[Recorded data]
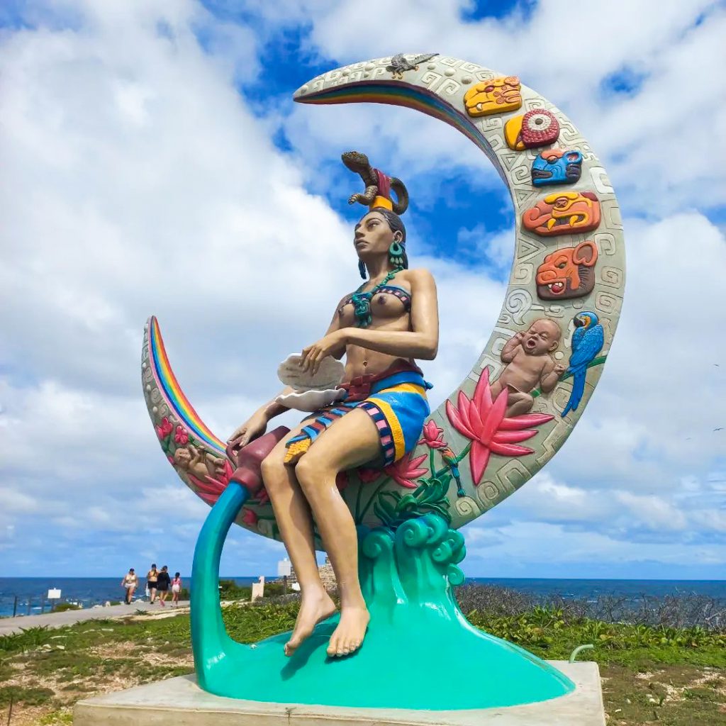 Los antiguos mayas habitaron esta isla de siete kilómetros de largo. Desde aquí, observaban el cielo para hacer sus estudios astrofísicos y matemáticos, vinculados a la religión, y se veneraba a Ixchel: diosa de la fertilidad, el amor, la belleza, la maternidad, la concepción y el parto. En Punta Sur, sobreviven vestigios de una obra precolombina dedicada a esta deidad.
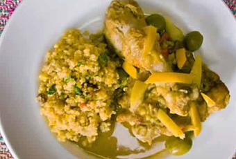 Enfin servez votre plat de poulet avec du riz - blé ou semoule selon votre choix - et décorez avec des tranches de citron confit.
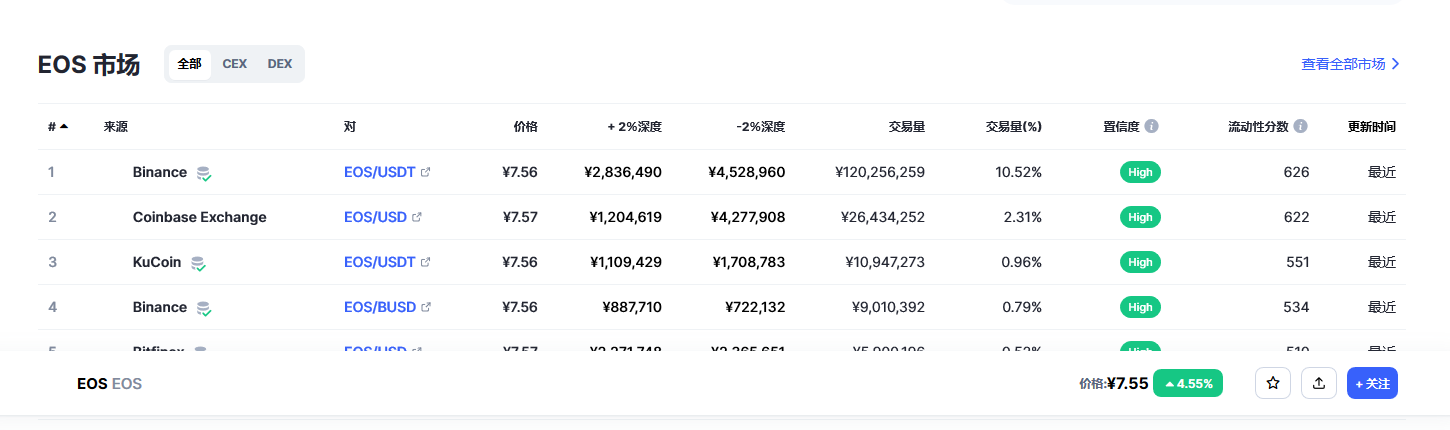 可以通过Binance、Coinbase、Kraken、Bithumb、Upbit和无数其他交易所购买EOS。考虑到它在加密行业中的广泛应用,你很难找到一个不支持它的交易平台
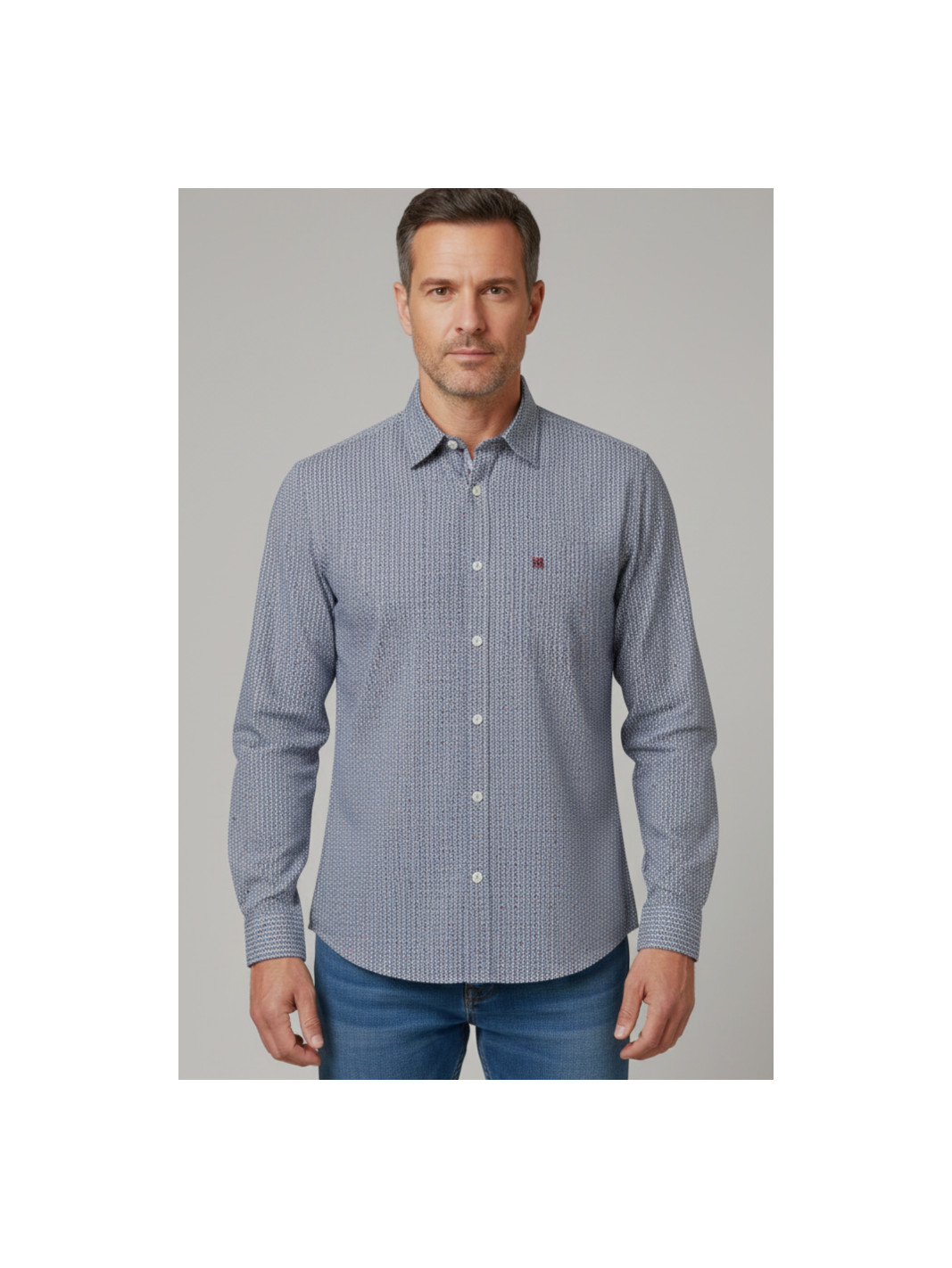 Camisa manga larga con dibujos multicolor. Logo de la marca bordado en el pecho. Corte Custom Fit, con pliegues laterales en la espalda.
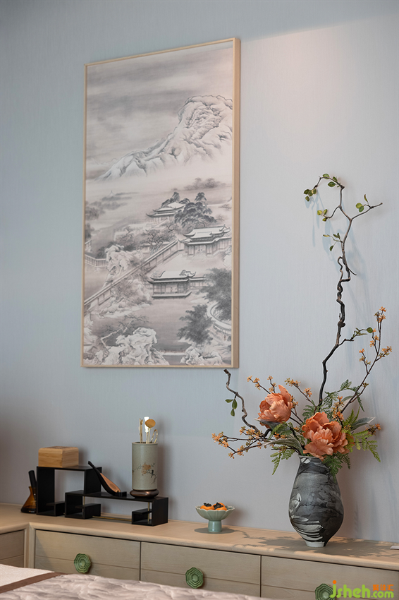 客廳與次臥木質屏風的隔斷,進一步打開空間格局。次臥寧靜素雅,極具東方色彩元素的陳設,陽光透過紗窗照射進來,增添層次感,營造創(chuàng)造出一方安寧的休憩場所。
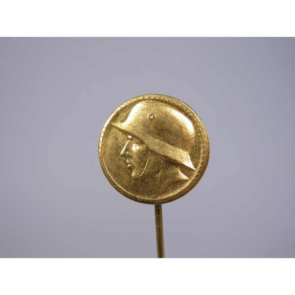 17 мм знак с изображением немецкого солдата в каске. Золоченая бронза
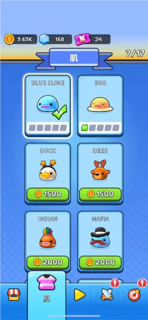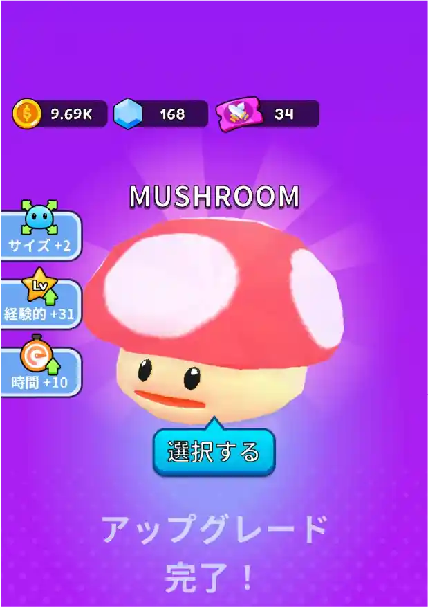恐らく途中で「MASHROOM」のスキンが解放されると思います。このスキンを最後まで使っていきますので、GETした段階からコインの優先順位をスキン強化>ステータス強化に切り替えましょう。
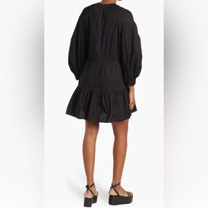 Elegant black mini dress with puff sleeves. Features a button-down front and ruched design. Perfect for a night out.

> INSTRUCTIONS TO FOLLOW
None of the pictures should be copied, but every record above must be restated in full.

> OUTPUT BELOW
 Los antiguos mayas habitaron esta isla de siete kilómetros de largo. Desde aquí, observaban el cielo para hacer sus estudios astrofísicos y matemáticos, vinculados a la religión, y se veneraba a Ixchel: diosa de la fertilidad, el amor, la belleza, la maternidad, la concepción y el parto. En Punta Sur, sobreviven vestigios de una obra precolombina dedicada a esta deidad.
 Enfin servez votre plat de poulet avec du riz - blé ou semoule selon votre choix - et décorez avec des tranches de citron confit.
 可以通过Binance、Coinbase、Kraken、Bithumb、Upbit和无数其他交易所购买EOS。考虑到它在加密行业中的广泛应用,你很难找到一个不支持它的交易平台
 Camisa manga larga con dibujos multicolor. Logo de la marca bordado en el pecho. Corte Custom Fit, con pliegues laterales en la espalda.
 客廳與次臥木質屏風的隔斷,進一步打開空間格局。次臥寧靜素雅,極具東方色彩元素的陳設,陽光透過紗窗照射進來,增添層次感,營造創(chuàng)造出一方安寧的休憩場所。
 17 мм знак с изображением немецкого солдата в каске. Золоченая бронза
恐らく途中で「MASHROOM」のスキンが解放されると思います。このスキンを最後まで使っていきますので、GETした段階からコインの優先順位をスキン強化>ステータス強化に切り替えましょう。
 Elegant black mini dress with puff sleeves. Features a button-down front and ruched design. Perfect for a night out.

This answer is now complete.